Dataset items
—————

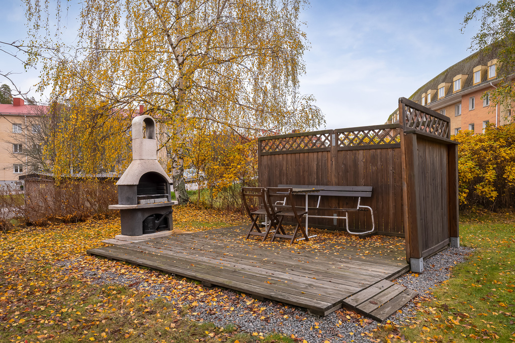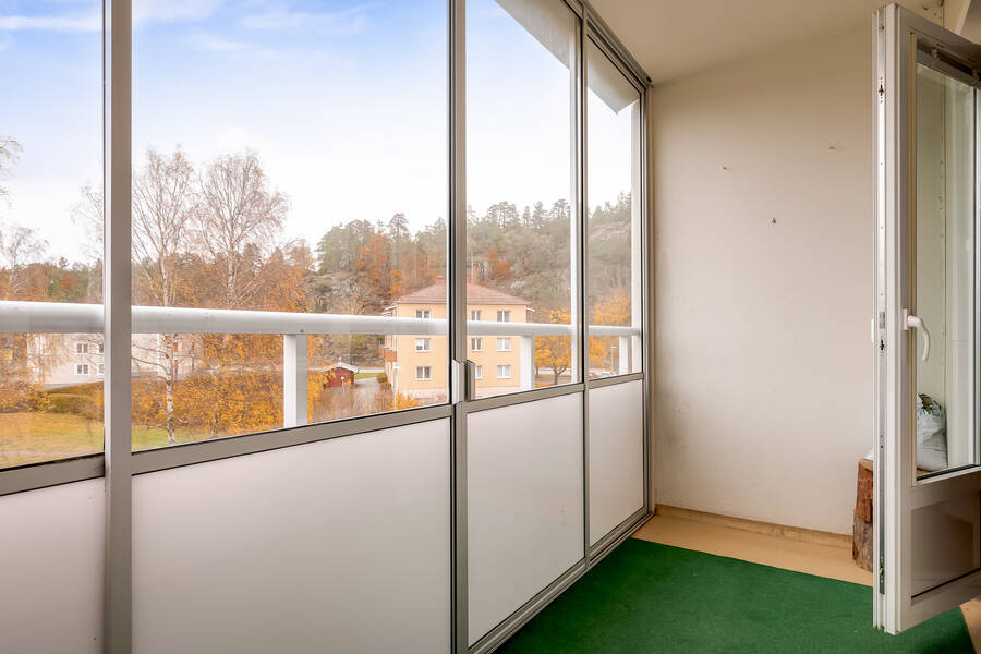 Den något långsmala balkongen med härlig kvällssol och infravärme förlänger säsongen långt in på hösten. Den erbjuder även möjlighet att tidigt på året njuta av vårens första solstrålar. En perfekt plats för avkoppling efter dagens slut, med utsikt och trivsam atmosfär.
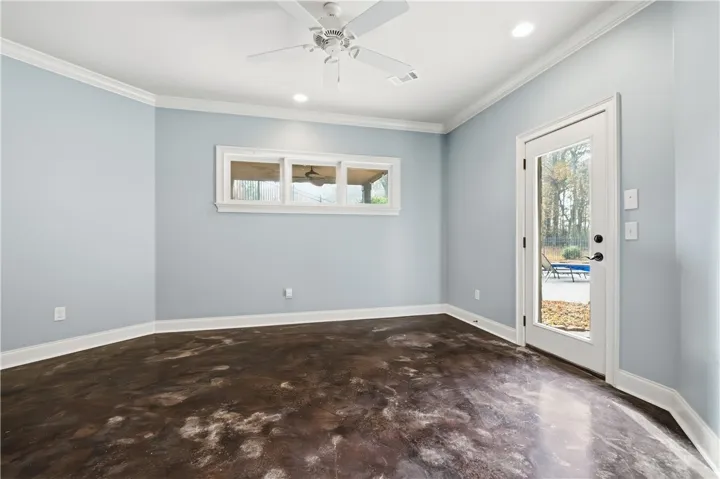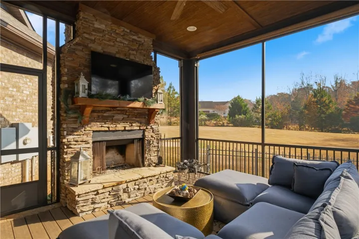 Luxury 3-acre estate built by renowned Michael Allen Homes with 5,000+ sq.ft. of exceptional craftsmanship and over $66K in updates since Oct. 2024. Timeless brick & stone exterior opens into a grand foyer with office/flex room on one side and formal dining on the other. Spacious living room features a gas fireplace and flows into an impressive kitchen with barrel ceiling, large island, gas cooktop, pull-out spice drawers, convection oven/microwave combo, breakfast area and custom Van Nostrand cabinetry. Just off the kitchen is the newly redone screened-in porch (Oct. 2025) with new columns, decking, screening + wood-burning fireplace. A second oversized deck is accessible from both the living room and primary suite, complete with a swing bed and beautiful views of the pool and backyard. Primary suite offers abundant natural light and spa-like ensuite with jetted tub, oversized walk-in shower, dual vanities and extensive storage. Upstairs bonus room may function as a bedroom or media room with infinite potential . Terrace level lives like its own residence with stained concrete floors, large living room + gas fireplace, full kitchenette, wet bar, pool table area, half bath, gym/office, one ensuite bedroom w/ walk-in closet and two additional bedrooms connected by a Jack-and-Jill bath. Outdoor oasis features a stunning pool with NEW Cool Deck (Nov. 2025) designed to stay cool under summer heat, plus newer liner, pump and chlorinator system. Property includes a 3-car garage with new poly floors, spray foam insulation, tankless water heater, buried propane tank, central vacuum, 4-zone HVAC (primary, main, bonus, basement), 9-zone Rain Bird irrigation, tinted windows in basement & primary suite, and extensive landscape lighting. Abundant storage throughout. A rare opportunity to own a private Auburn estate offering luxury, function, and year-round outdoor living at an exceptional level.
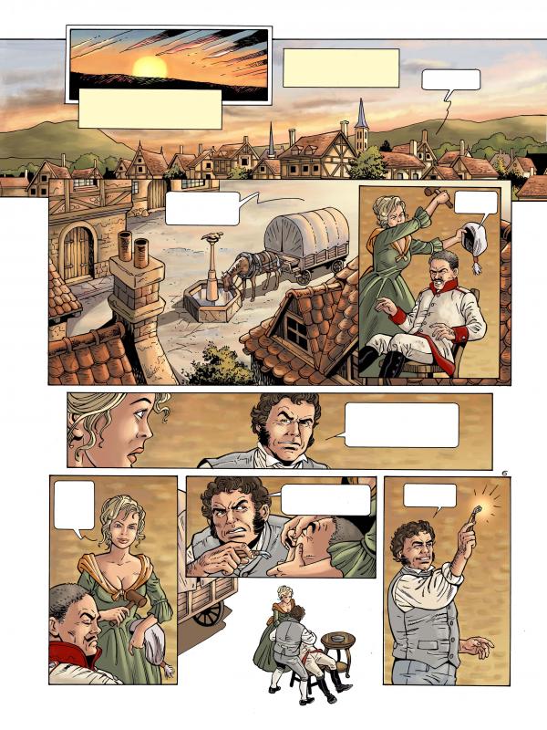 Merveilleusement bien ! Sibin est un réel professionnel, très à l’écoute. Il n’en est pas à sa première bande dessinée. Il a œuvré avec le grand Hermann pour la BD Franco-Belge, le fumetti chez Bonelli et le comics avec Tarzan. Notre rencontre s’est faite par l’entremise de son agent, Csaba Kopeczki. Nous travaillons ensemble depuis des années avec toujours le même plaisir et une confiance absolue. Je lui ai demandé s’il avait un dessinateur intéressé par le 1er Empire. Il m’a parlé de l’excellent Sibin. Il n’a pas fallu longtemps pour que je tombe sous le charme de ses planches. Le fait que nous ne parlons pas la même langue n’a pas été un frein à notre collaboration. Csaba lui a traduit le scénario en Serbe et nous avons communiqué en anglais. En revanche, nous ne nous sommes jamais rencontré tout au long de la réalisation de l’album. Héloïse Dautricourt a assuré le suivi du tome 1 pour les éditions Joker avec une grande attention, des conseils avisées et beaucoup de professionnalisme. Toutes les planches encrées en noir et blanc ont été déposées sur le serveur ftp de l’éditeur. Il ne restait plus qu’à Véronique Gourdin de les coloriser avec le talent que nous lui connaissons.
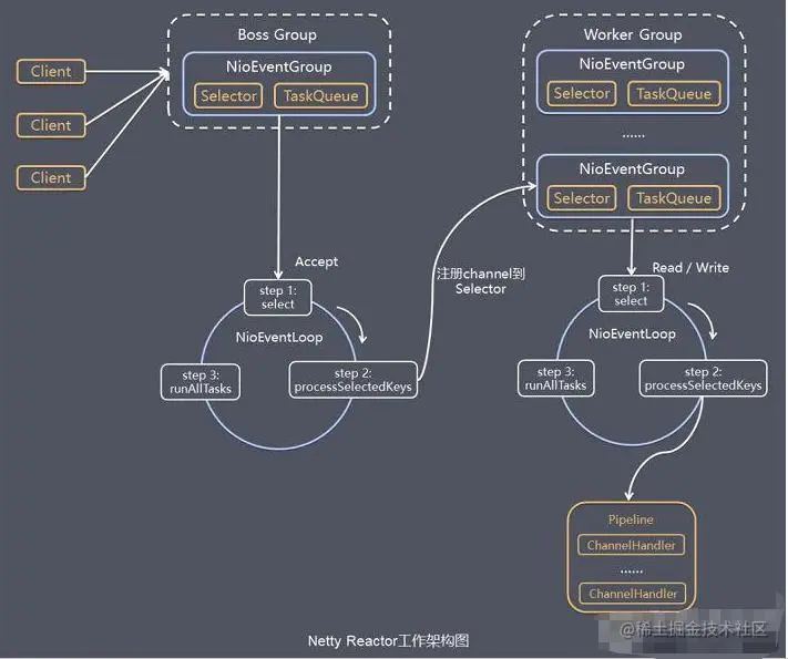 - 当接收到Accept事件,获取到对应的SocketChannel, 封装成 NIOScoketChannel并注册到Worker 线程(事件循环), 并进行维护
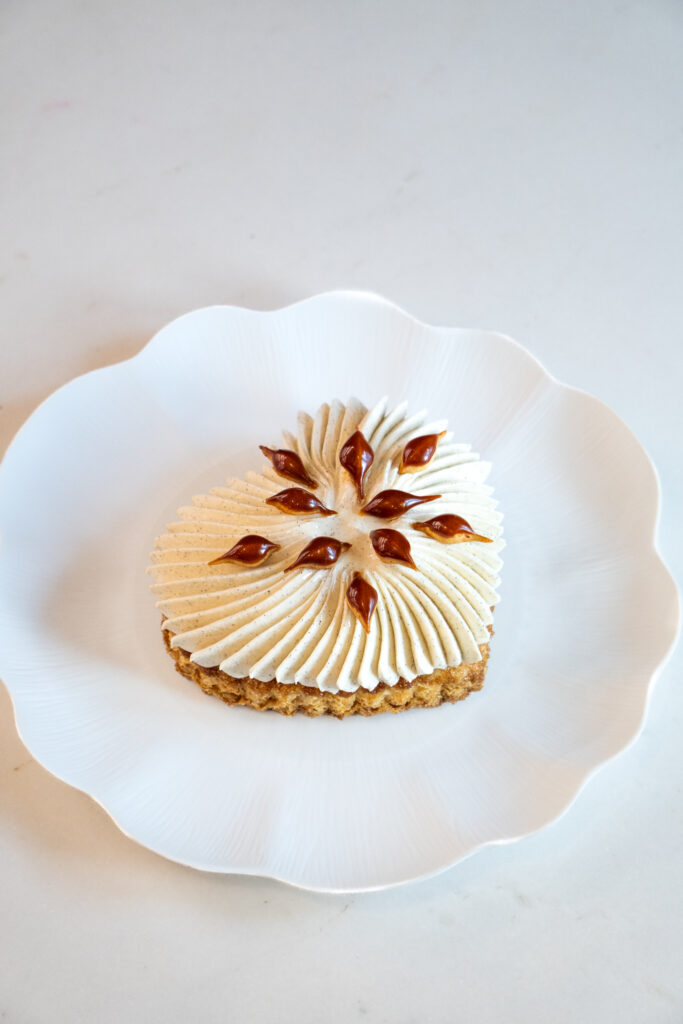 Sweetness continues beyond the table thanks to pastry chef Maxence Barbot, who unveils two exclusive creations for the occasion. The Saint-Honoré d’Amour, reimagined in the shape of a heart, and the Vanilla & Pecan Flan d’Amour, adorned with a personalized golden heart, transform dessert into a true declaration. These creations are available at L’Épicerie des Ateliers du Bristol, perfect for extending the magic beyond the evening.
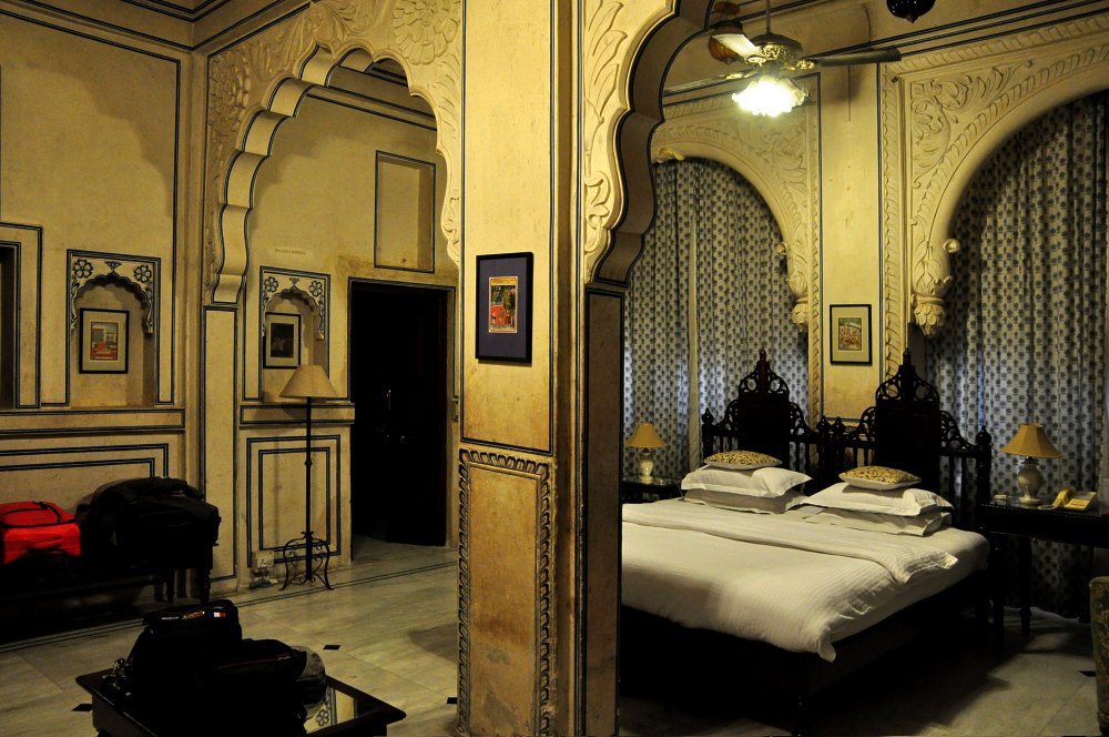 Le Pal Haveli à Jodhpur est un des hôtels qui nous a le plus marqués. Il est situé en plein centre ville. C'est une maison de marchands qui a été transformée par la famille pour recevoir des visiteurs. Tout est imprégné de l'histoire du bâtiment. Notre chambre était celle de la grand-mère de l'actuel propriétaire qui l'a faite aménager afin d'en faire un endroit unique et inimitable. Elle est restée en l'état, ainsi que le reste de l'hôtel d'ailleurs et c'est impressionnant.
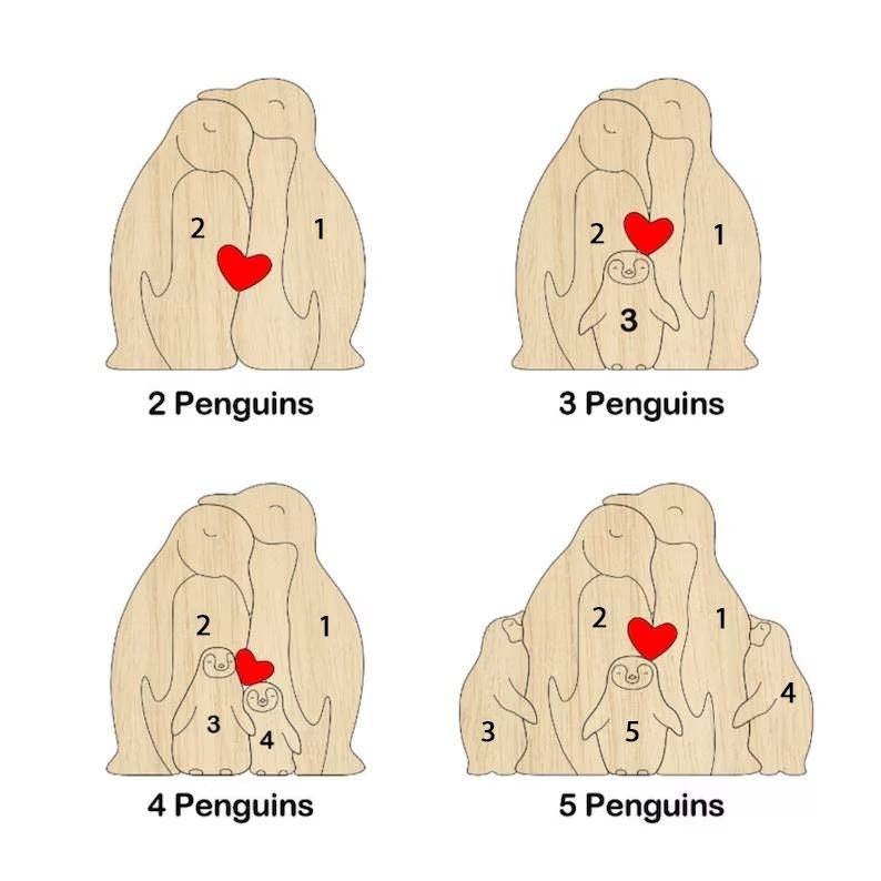 Personalized Penguin Family Puzzle Wooden Sign With Names Unique Gift For Family Mother's Day Gift Ideas
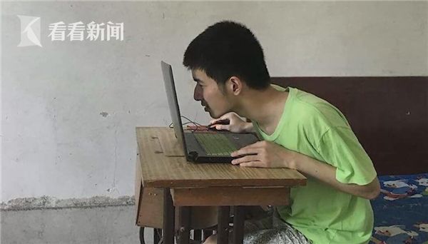 因為幾乎全盲,王寵需要把字號調大,眼睛貼近屏幕才能看清字(截圖自看看新聞)
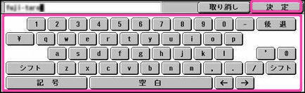 キーボードを使用して、アカウントユーザー名を入力し、[決定]を押します。
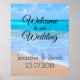 En välkomstskylt till vårt bröllop med ett fotografi av en klar blå havsutsikt med mjuka vågor längs en strand och mjuk brun sand. En blå himmel med fluffiga moln i fjärran. Lugn tropisk idyllisk havsutsikt.

—————

[Exercise instructions]:
Starting at the line that contains "Personalized Penguin Family", restate every line through the end of the records exactly as written, but leave the pictures out.

[Answer to this task]:
 Personalized Penguin Family Puzzle Wooden Sign With Names Unique Gift For Family Mother's Day Gift Ideas
 因為幾乎全盲,王寵需要把字號調大,眼睛貼近屏幕才能看清字(截圖自看看新聞)
 キーボードを使用して、アカウントユーザー名を入力し、[決定]を押します。
 En välkomstskylt till vårt bröllop med ett fotografi av en klar blå havsutsikt med mjuka vågor längs en strand och mjuk brun sand. En blå himmel med fluffiga moln i fjärran. Lugn tropisk idyllisk havsutsikt.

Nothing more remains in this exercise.